Stored data
+++++
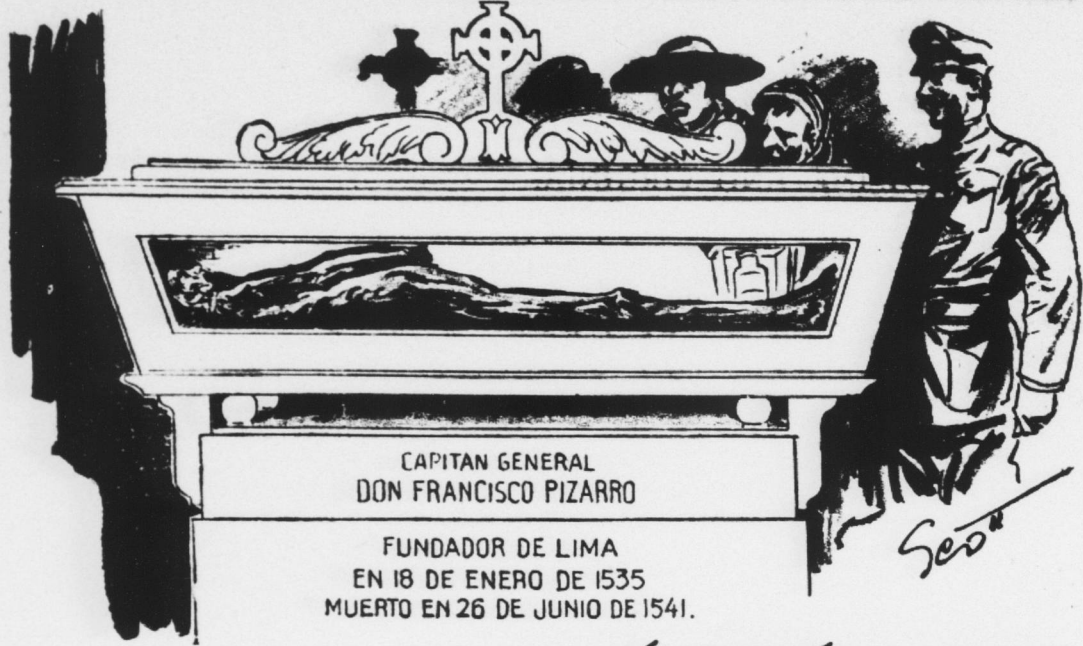
CAPITAN GENERAL DON FRANCISCO PIZARRO FUNDADOR DE LIMA EN 18 DE ENERO DE 1535 MUERTO EN 26 DE JUNIO DE 1541.

THE REPUTED MUMMY OF FRANCISCO PIZARRO, THE CONQUEROR OF PERU, LIES IN A CASKET IN THE CATHEDRAL AT LIMA—
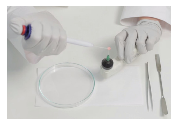
Fig. 9 Applying silicon glue to the sensor spot

Holding the sensor spot with the vacuum tweezers apply approx. 4 \mu L (when using spots with common diameter of 0.5 mm; otherwise please consider) of silicon glue on the red side of the sensor spot using a dispenser pipette.
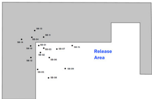
Figure 1 Example: Unclear presentation of lateral extent of pollution
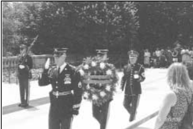
Preparing to place the Third Inf. Div. Wreath at the Tomb of the Unknowns, Memorial Day 2002.
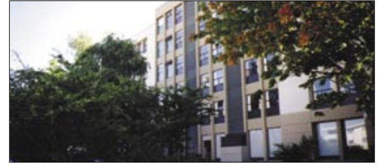
James Bay Care Center
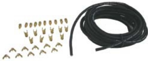
18-5225 SPARK PLUG WIRE KIT Kit includes 25 ft. Roll of 7 MM Hypalon Ignition Wire With a Metallic Core and a Large Assortment of Three Different End Fittings to Fit Outboard Motors.
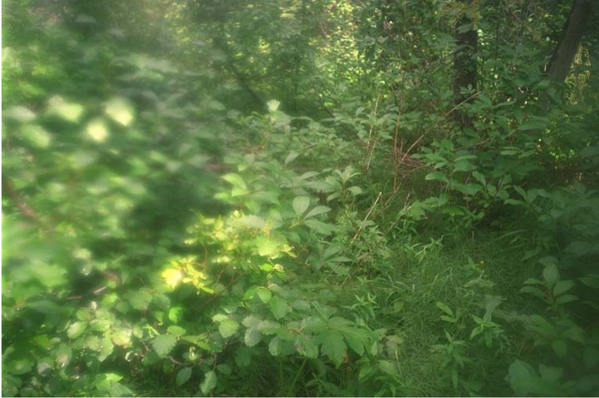
Direction of Photo: U CD #: 2 Image #: 47 Roll #: P3 Frame #: 14 Comment: View of site approximately 100 metres upstream of wetland in reach 1.

Site # 19 ILP # 70048 ILP Map # 093L.006 Reach # 2.0 Watershed Code: 000-000000-00000-00000-0000-0000-000-000-000-000-000-000
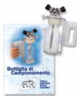
SANITARY SAMPLING BOTTLE
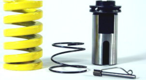
Kit No. 9736 shown
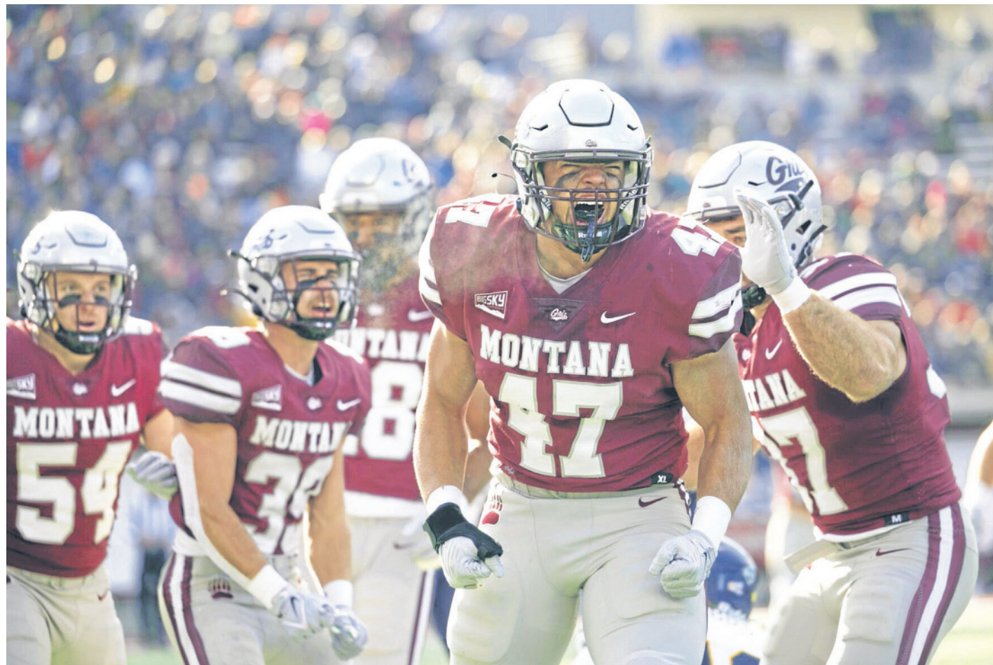
BEN ALLAN SMITH, MISSOULIAN

A: It's a lot different having to adapt to the traffic and the different kind of roadways. Some things that are similar is I feel the community here is very similar to Havre. It's all very close-knit. Everybody
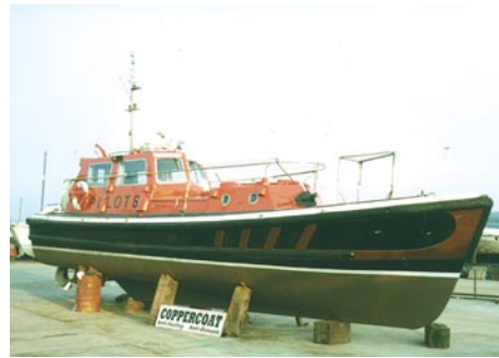
42ft GRP pilot vessel – UK.
+++++
* _The task_: Nothing but the lines from the one containing "Direction of Photo: U" through the last line of the data should appear in the answer, copied exactly, with pictures excluded.

* _Problem solution_:
Direction of Photo: U CD #: 2 Image #: 47 Roll #: P3 Frame #: 14 Comment: View of site approximately 100 metres upstream of wetland in reach 1.

Site # 19 ILP # 70048 ILP Map # 093L.006 Reach # 2.0 Watershed Code: 000-000000-00000-00000-0000-0000-000-000-000-000-000-000
SANITARY SAMPLING BOTTLE
Kit No. 9736 shown
BEN ALLAN SMITH, MISSOULIAN

A: It's a lot different having to adapt to the traffic and the different kind of roadways. Some things that are similar is I feel the community here is very similar to Havre. It's all very close-knit. Everybody
42ft GRP pilot vessel – UK.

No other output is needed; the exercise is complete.